#### TASK BRIEF
Reproduce exactly the line containing "在之后的深入讨论中,学生们不" and each line after it until the listing ends, leaving pictures out.

#### GIVEN DATA
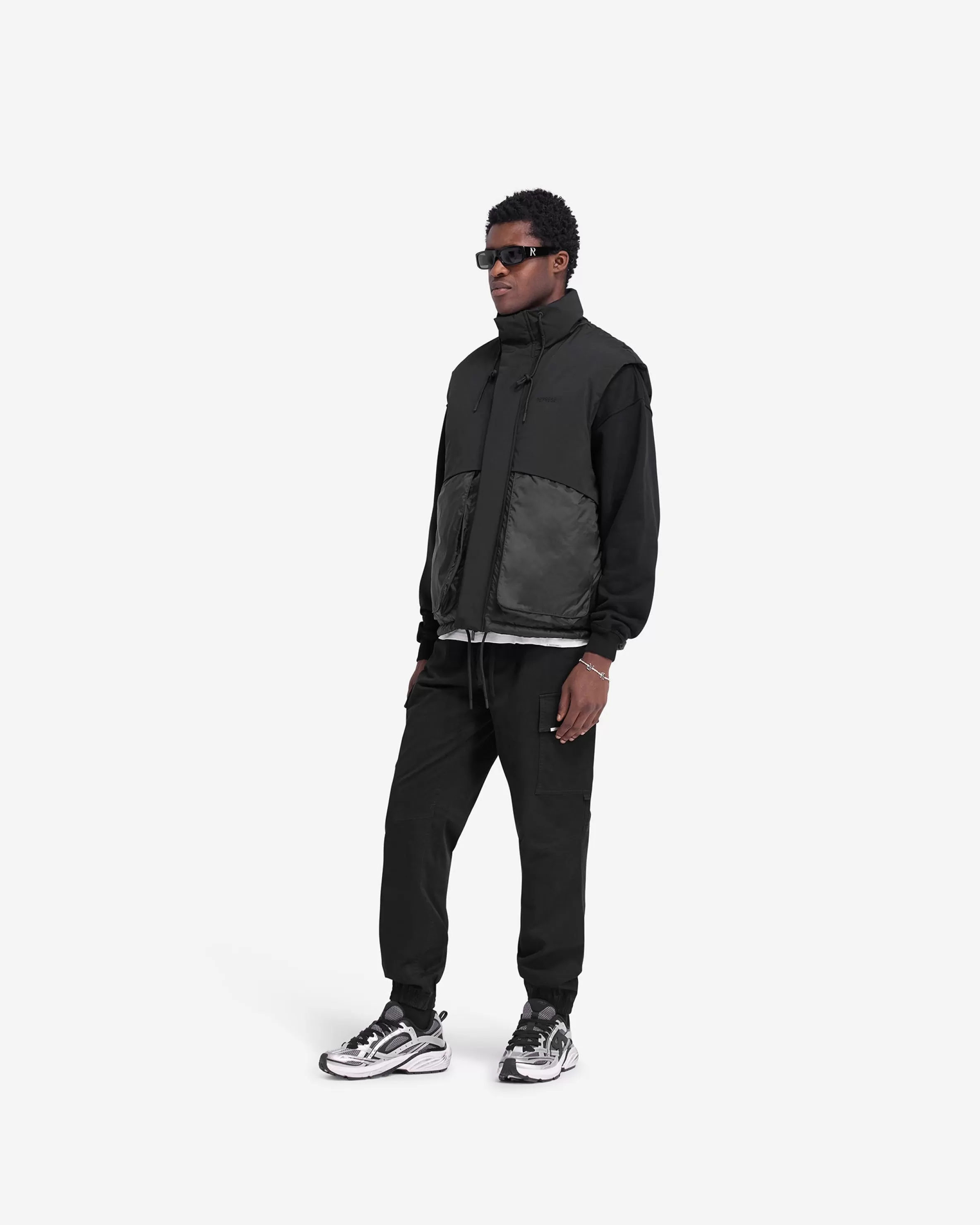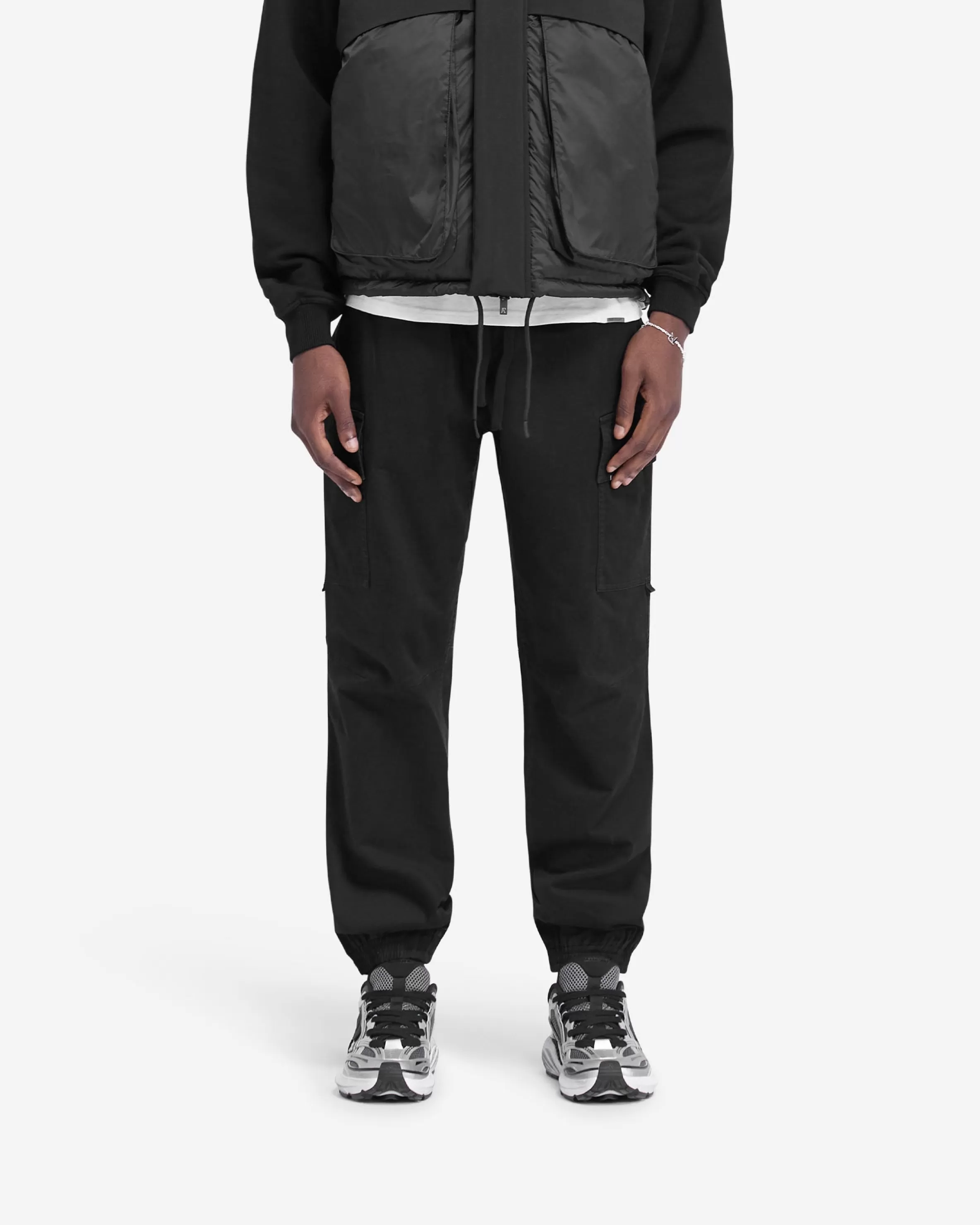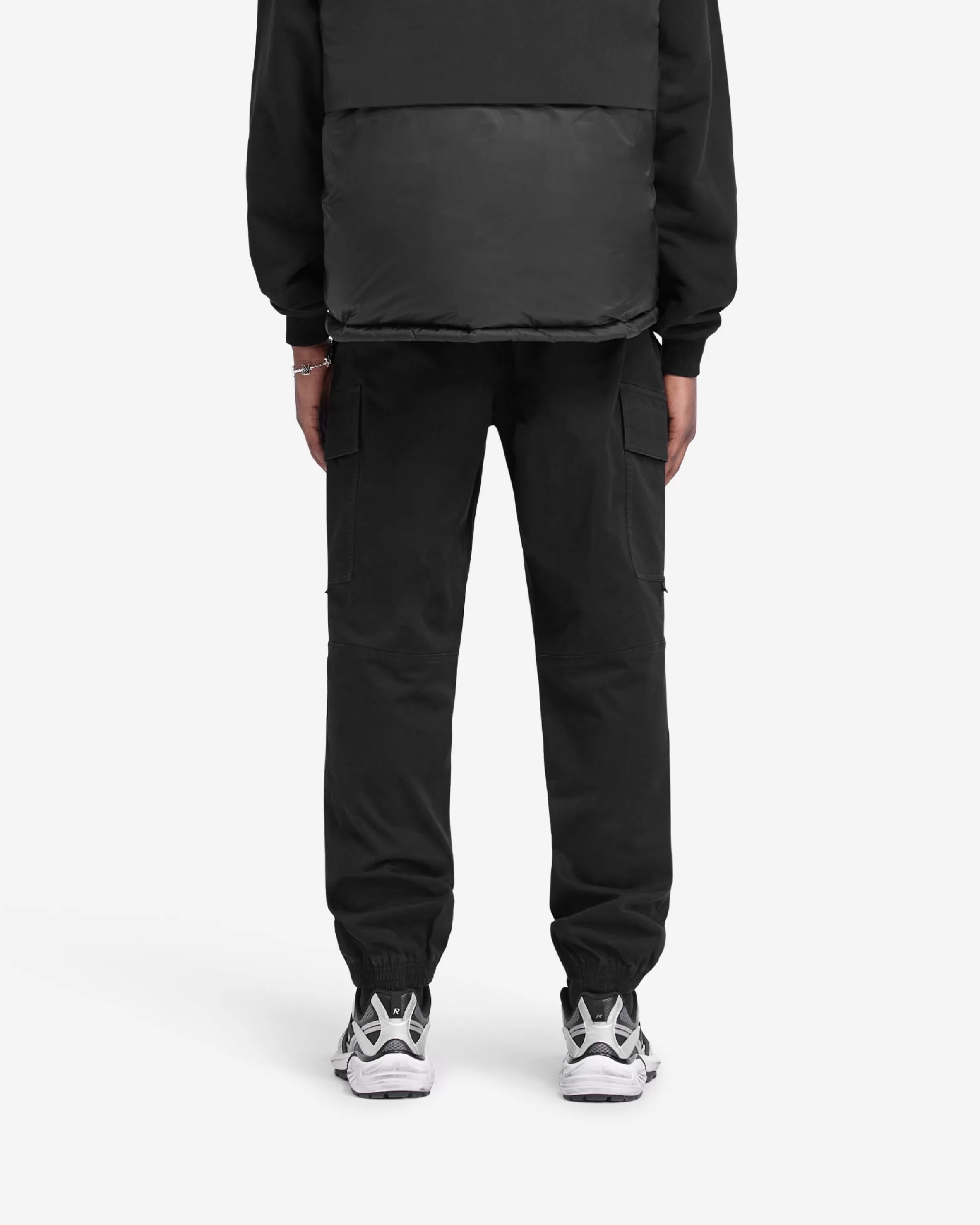 Introducing the Cuffed Cargo Pant in Black, a contemporary take on the classic cargo silhouette, with a more regular fit…
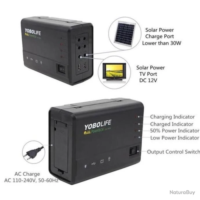 * Batterie plomb-acide scellée rechargeable intégrée 12V 5A, chargez votre téléphone, ventilateur USB, ampoule et autre.
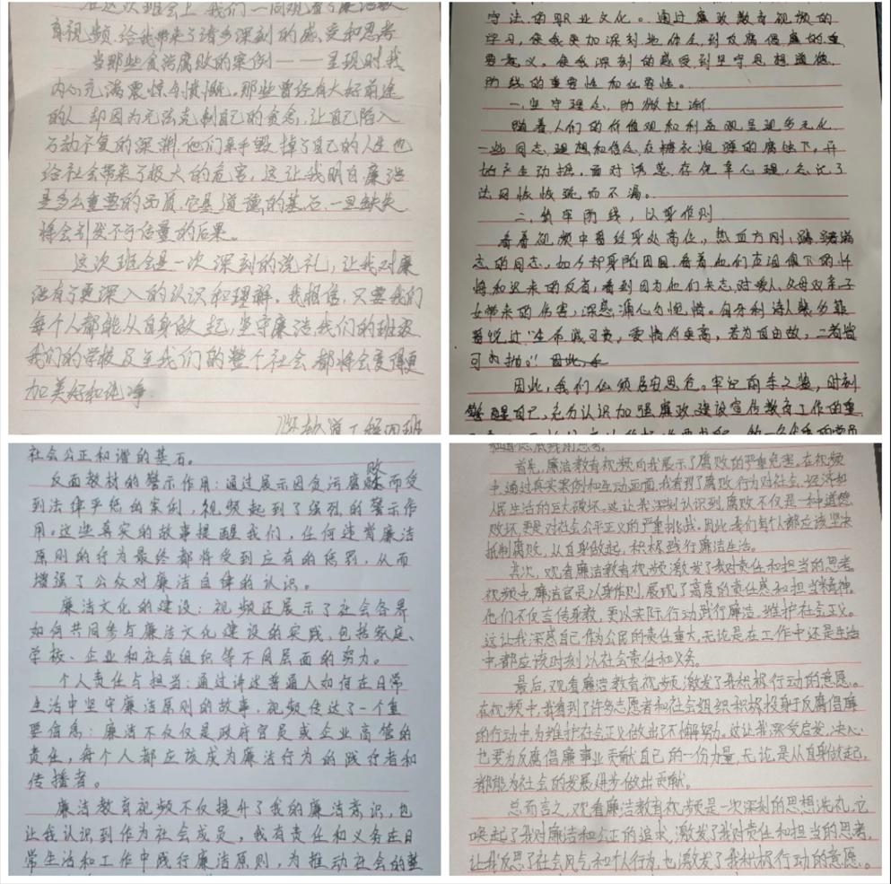 在之后的深入讨论中,学生们不仅就如何在生活中践行廉洁自律分享了见解,还纷纷提笔记录下自己的感悟,他们深知廉洁自律不仅是对法规的遵守,更是日常行为的自我规范,如诚实守信、公平竞争、拒绝浪费。这些感悟成为他们心中的灯塔,照亮了前行的道路,激励着他们在未来的学习和生活中,始终保持清醒的自我认知和高尚的行为准则。
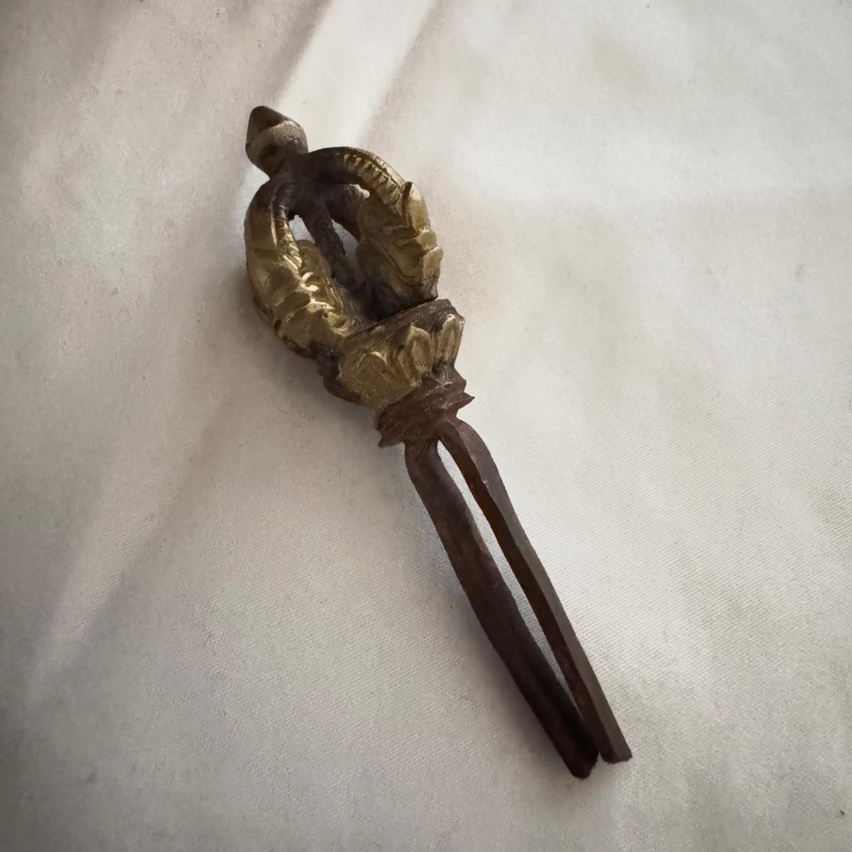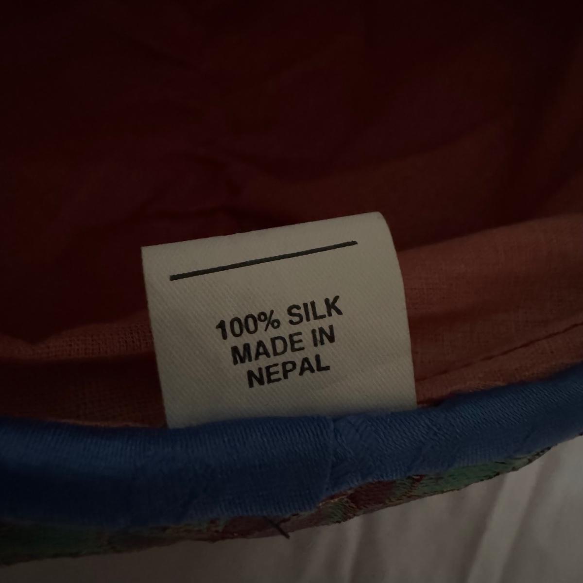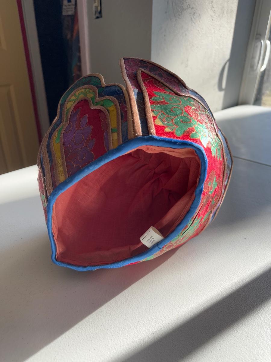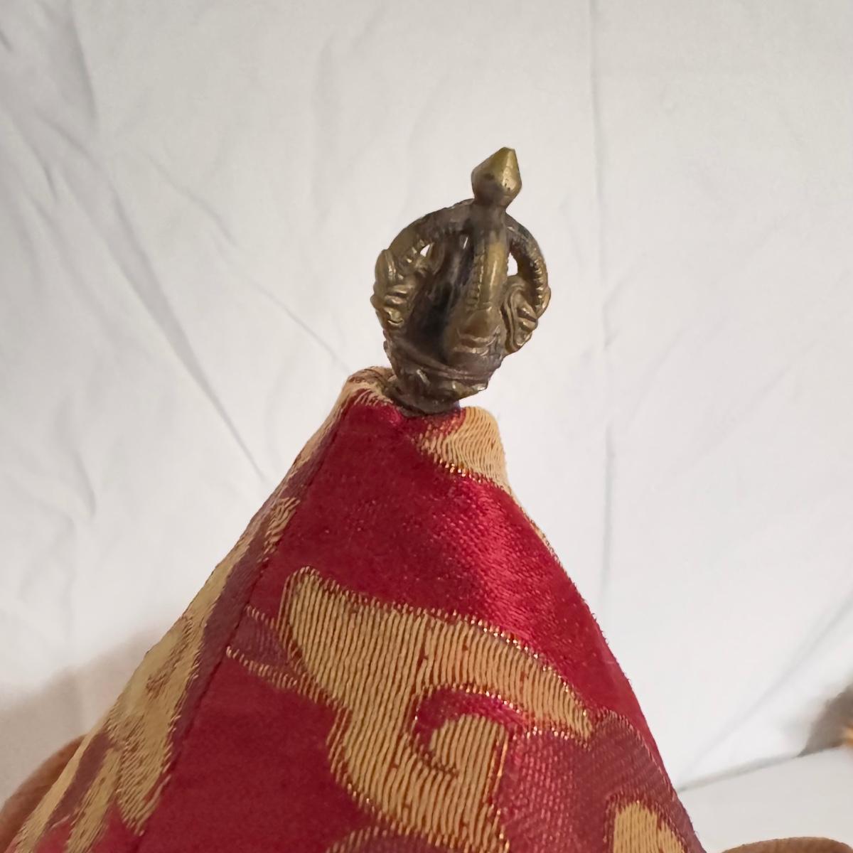 Lot includes one hat that was made in Nepal and marked 100% silk. Hat appears to be a Tibetan Monk ritual hat. The hat has a brass pendant on the top that is easily removable. The hat measures 12”D x 11”H. Shipping available.

#### EXERCISE RESPONSE
 在之后的深入讨论中,学生们不仅就如何在生活中践行廉洁自律分享了见解,还纷纷提笔记录下自己的感悟,他们深知廉洁自律不仅是对法规的遵守,更是日常行为的自我规范,如诚实守信、公平竞争、拒绝浪费。这些感悟成为他们心中的灯塔,照亮了前行的道路,激励着他们在未来的学习和生活中,始终保持清醒的自我认知和高尚的行为准则。
 Lot includes one hat that was made in Nepal and marked 100% silk. Hat appears to be a Tibetan Monk ritual hat. The hat has a brass pendant on the top that is easily removable. The hat measures 12”D x 11”H. Shipping available.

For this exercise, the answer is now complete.